§ Work to be completed
Retype the data below exactly; skip every image.

[Data extract — start]

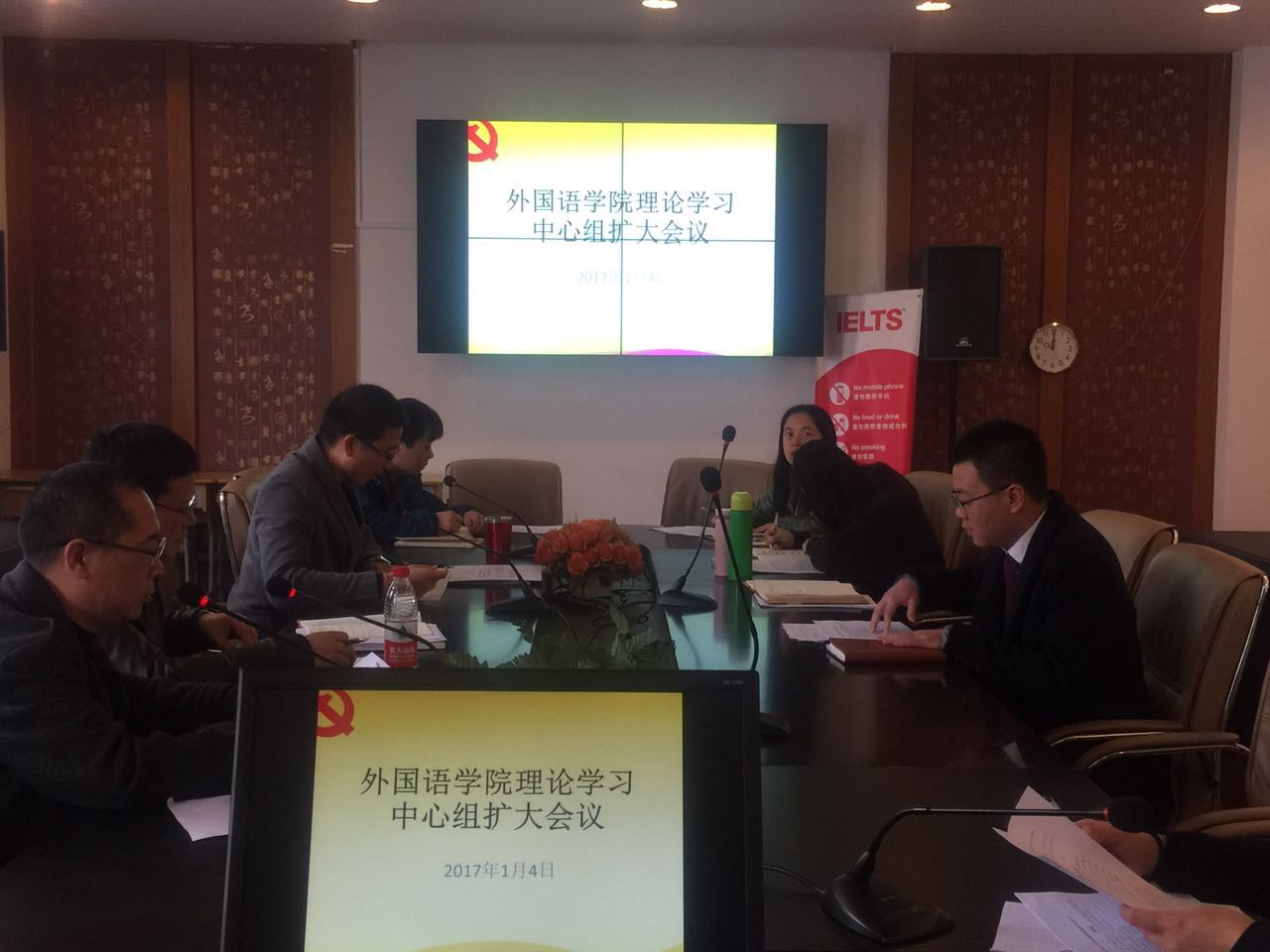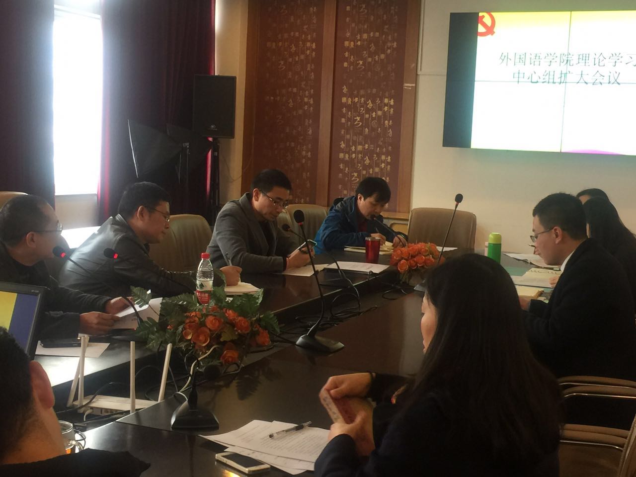 党委在外语楼422会议室组织召开理论学习中心组扩大会议。学院党委书记段汉武、院长屠国元及各教工支部书记、全体辅导员参与学习。
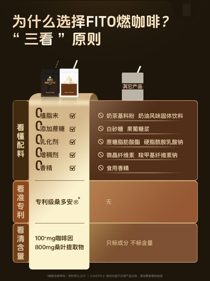 作为权威咨询机构认证的“中国燃咖啡开创者”,FITO燃咖啡一经上市就以其高品质配方和显著的饮用效果受到了一众消费者的青睐。一时间,“燃”成了咖啡市场上的热门关键词,迅速推动了功能性咖啡这一细分市场的发展,同时也引来不少跟风者。
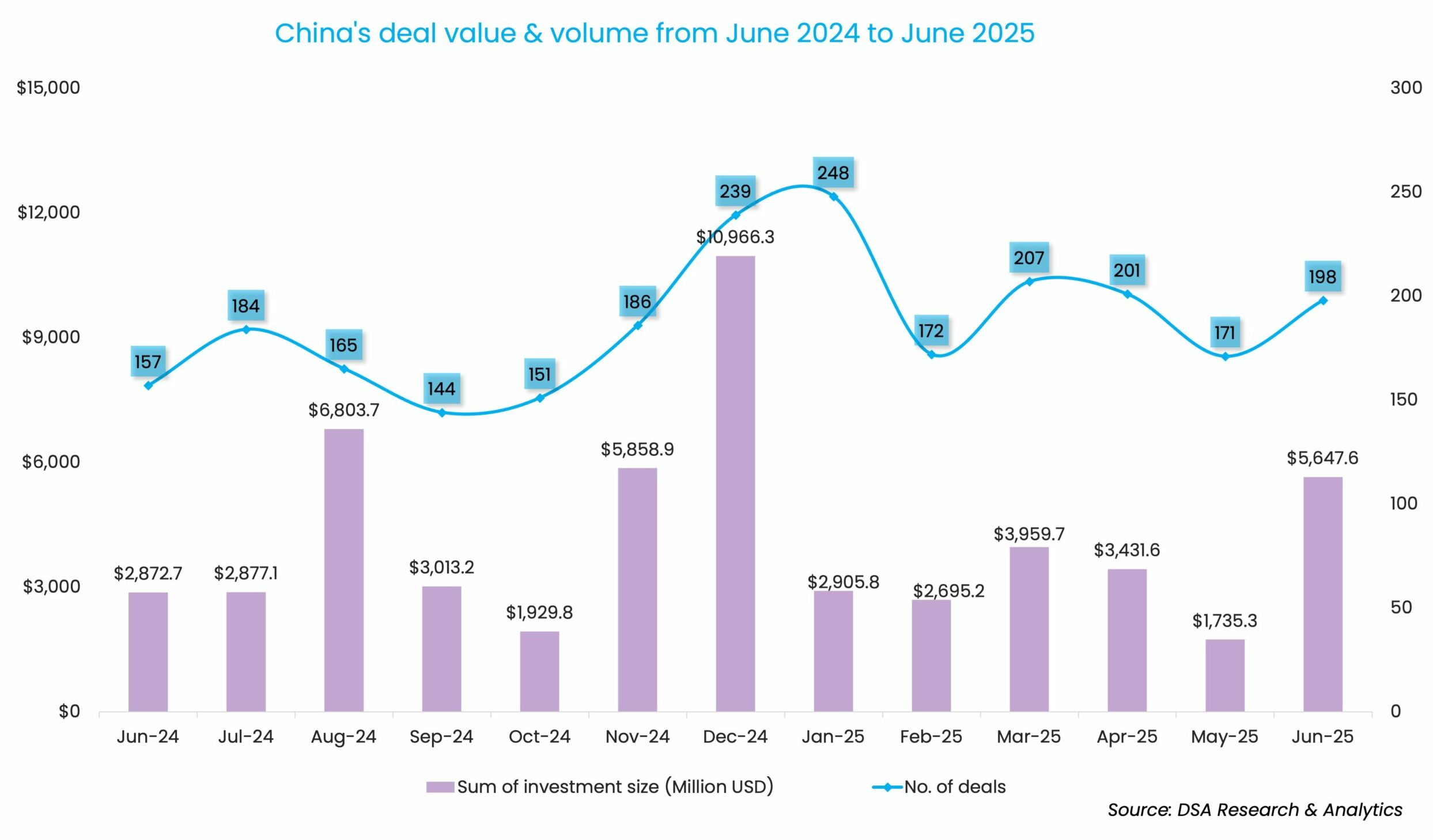 At $5.6 billion, the monthly deal value was up 225.5% from $1.7 billion in May. The aggregate 198 transactions recorded in June was up 15.8% month-over-month (MoM), according to proprietary data compiled by DealStreetAsia.

[Data extract — finish]

§ Answer section
 党委在外语楼422会议室组织召开理论学习中心组扩大会议。学院党委书记段汉武、院长屠国元及各教工支部书记、全体辅导员参与学习。
 作为权威咨询机构认证的“中国燃咖啡开创者”,FITO燃咖啡一经上市就以其高品质配方和显著的饮用效果受到了一众消费者的青睐。一时间,“燃”成了咖啡市场上的热门关键词,迅速推动了功能性咖啡这一细分市场的发展,同时也引来不少跟风者。
 At $5.6 billion, the monthly deal value was up 225.5% from $1.7 billion in May. The aggregate 198 transactions recorded in June was up 15.8% month-over-month (MoM), according to proprietary data compiled by DealStreetAsia.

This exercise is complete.